Dataset entries
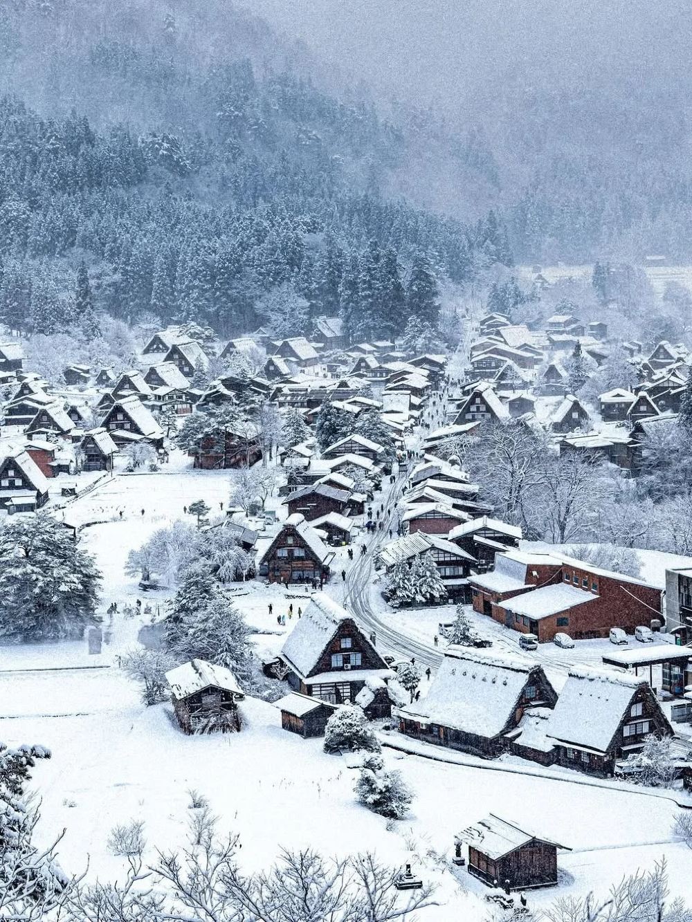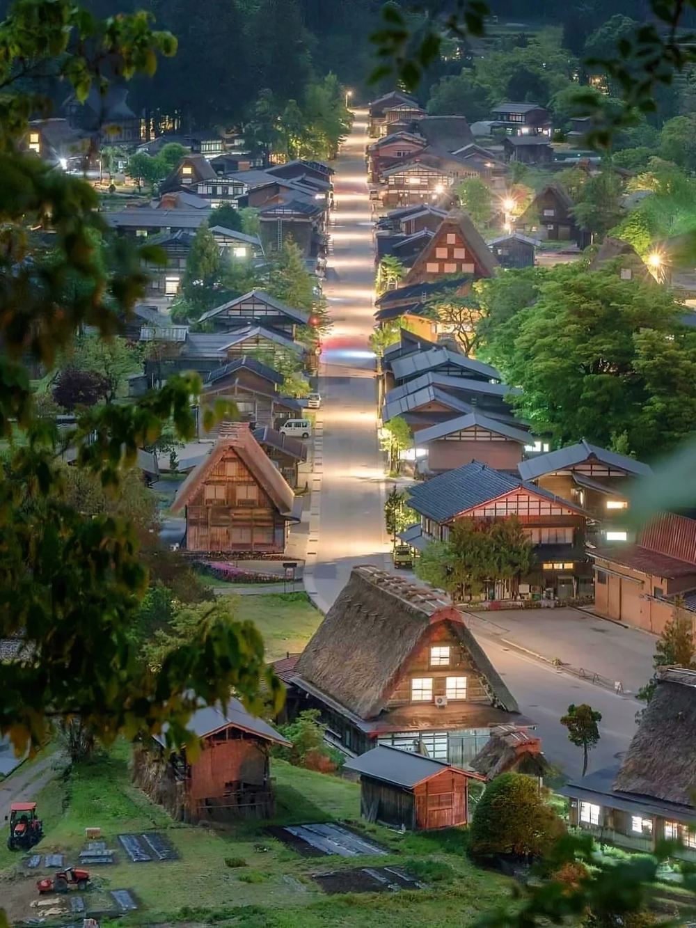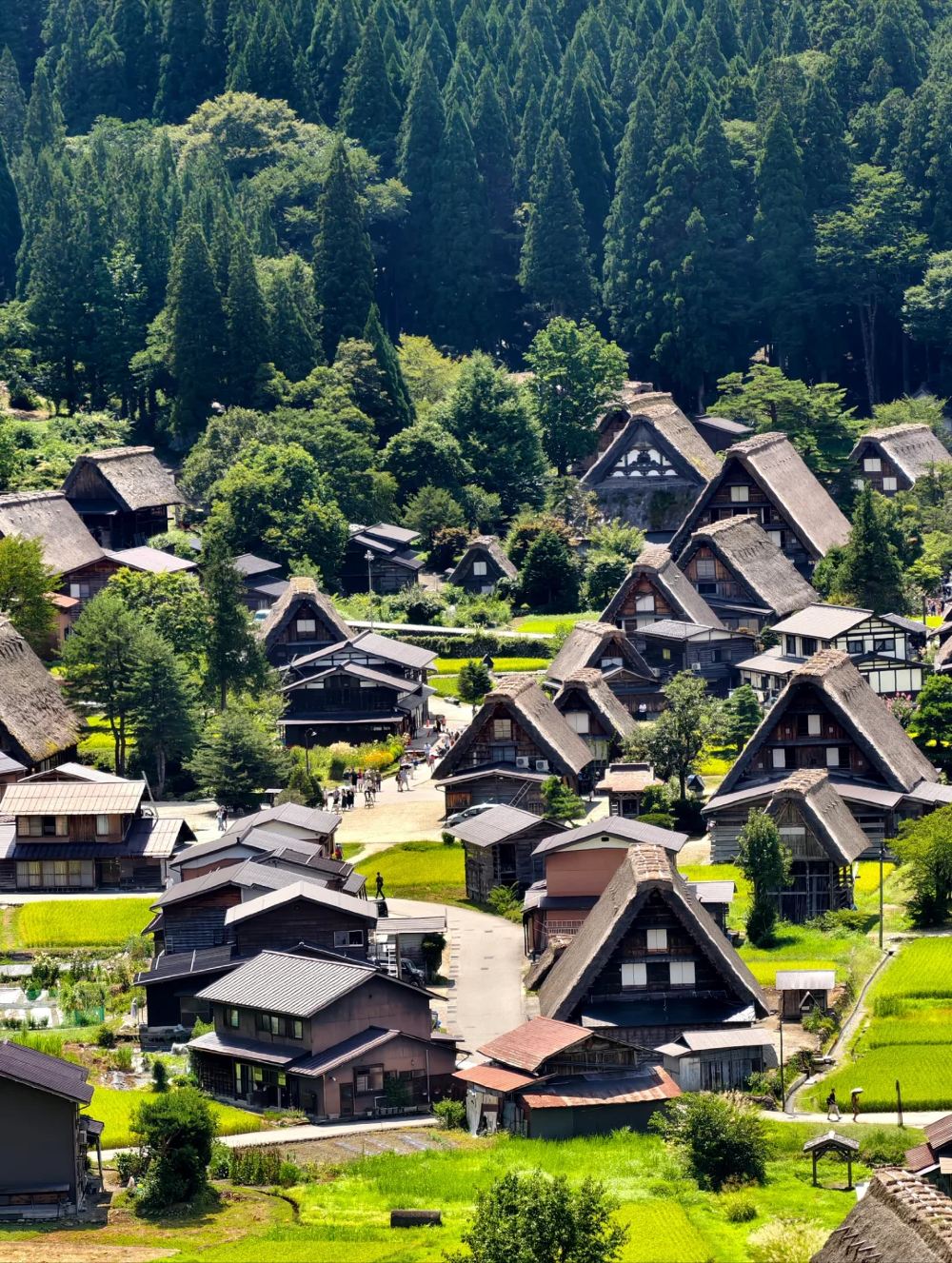 ▲ 白川乡四面环山、水田纵横,涓涓河川流经而过,被称为森林和溪流的王国。白川乡荻町的村落是三个被登录为世界遗产的村落(白川乡、五箇山的相仓和菅沼)中,户数最多的村落,有 152 户。灵峰白山所流出的大白川,与庄川汇合后会变得雪白浑浊,这就是白川乡地名的由来。城山展望台在白川乡荻町合掌村的东北部,在这里,合掌村和绵亘的白山一览无遗。
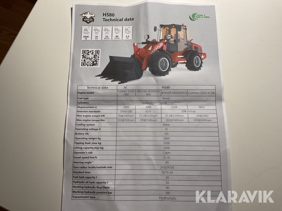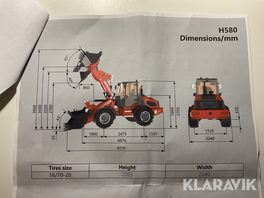 Hjullastare Heracles H580 med redskap
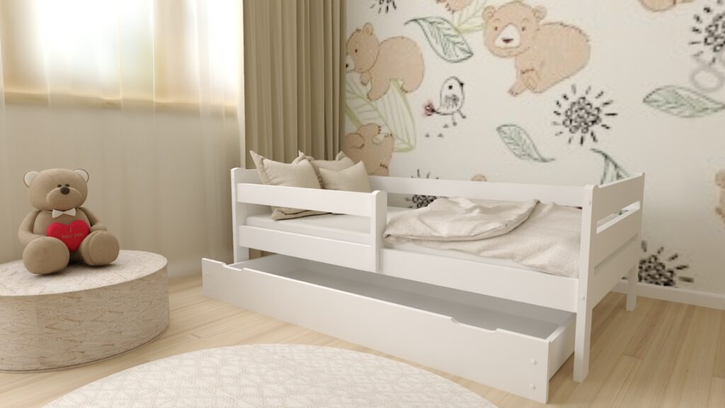 ŁÓŻKO DZIECIĘCE EDI 90×200 Białe z szufladą
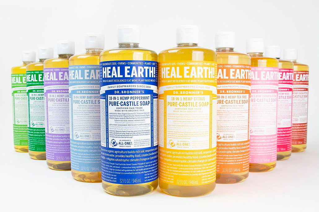 - Dr.Bronner’s- Os produtos da Dr. Bronner’s são ideais para o ser humano, para a casa e para a Terra!
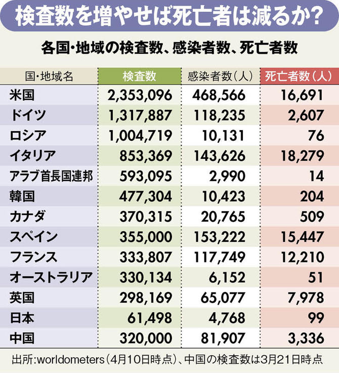 ・ドイツは48万3295人検査→ 感染 9万1159人= 発見率18.8% (4/4現在)
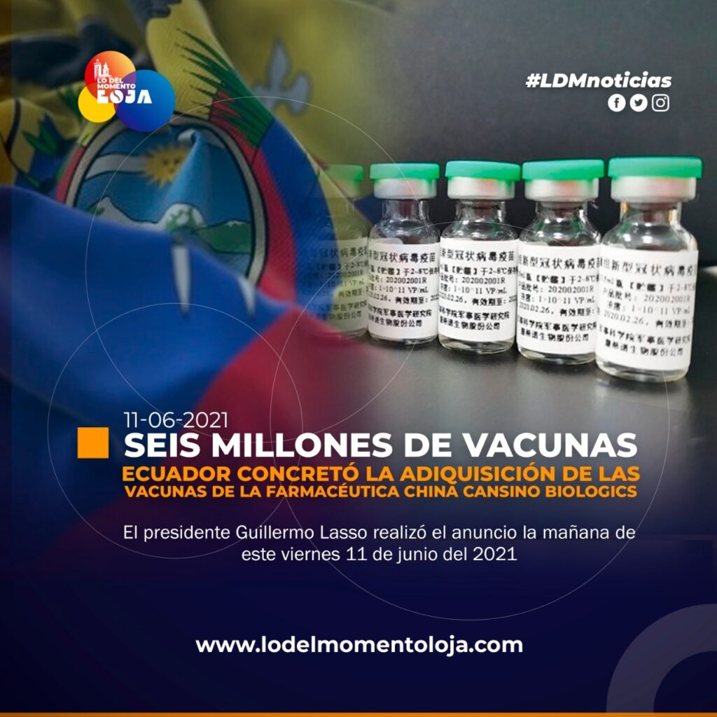 “Esta mañana les escribo con alegría y esperanza. Concretamos la adquisición de 6 millones de vacunas de CanSino”, escribió el Primer Mandatario, “con este cargamento se inmunizará a seis millones de habitantes, ya que solo se requiere una aplicación por persona (monodosis)” – añadió Lasso en el post.
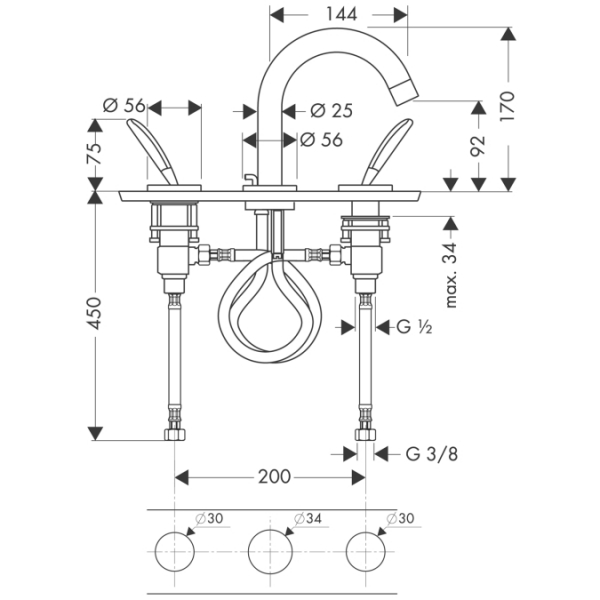 - Шланговое удлинение для смесителя на 3 отверстия (38959000)
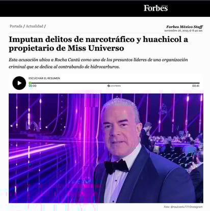 Latin Times también dio cobertura amplia al caso, destacando los presuntos delitos y el impacto que la acusación podría tener en los activos empresariales de Rocha Cantú, incluido su rol en el certamen.
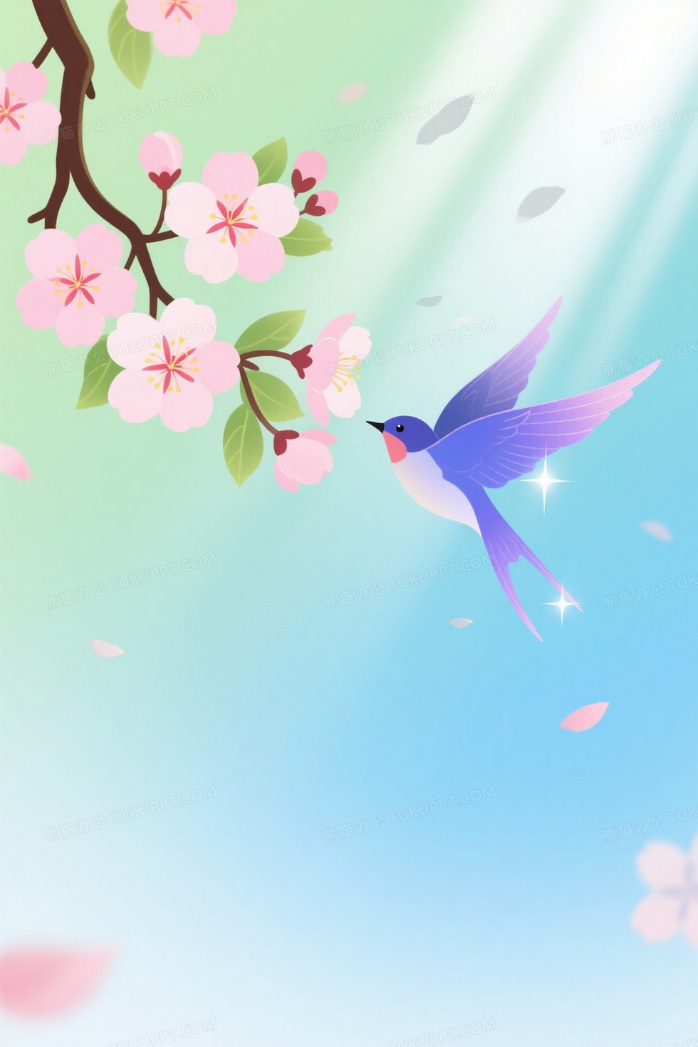 本作品内容为青绿渐变樱花飞鸟背景, 格式为 jpg, 大小1 MB, 图片尺寸为1280 x 1920, 作品中背景图片无需修改, 源文件无水印,可以直接使用, 欢迎使用熊猫办公。 如认为平台内容涉嫌侵权,可通过邮件:tousu@tukuppt.com提出书面通知,我们将及时处理。

*DESCRIPTION OF THE TASK*
Reproduce the final stretch of lines exactly: the line containing "Latin Times también" through the last line of the data, both included. Pictures do not belong in the copy.

*YOUR SOLUTION*
 Latin Times también dio cobertura amplia al caso, destacando los presuntos delitos y el impacto que la acusación podría tener en los activos empresariales de Rocha Cantú, incluido su rol en el certamen.
 本作品内容为青绿渐变樱花飞鸟背景, 格式为 jpg, 大小1 MB, 图片尺寸为1280 x 1920, 作品中背景图片无需修改, 源文件无水印,可以直接使用, 欢迎使用熊猫办公。 如认为平台内容涉嫌侵权,可通过邮件:tousu@tukuppt.com提出书面通知,我们将及时处理。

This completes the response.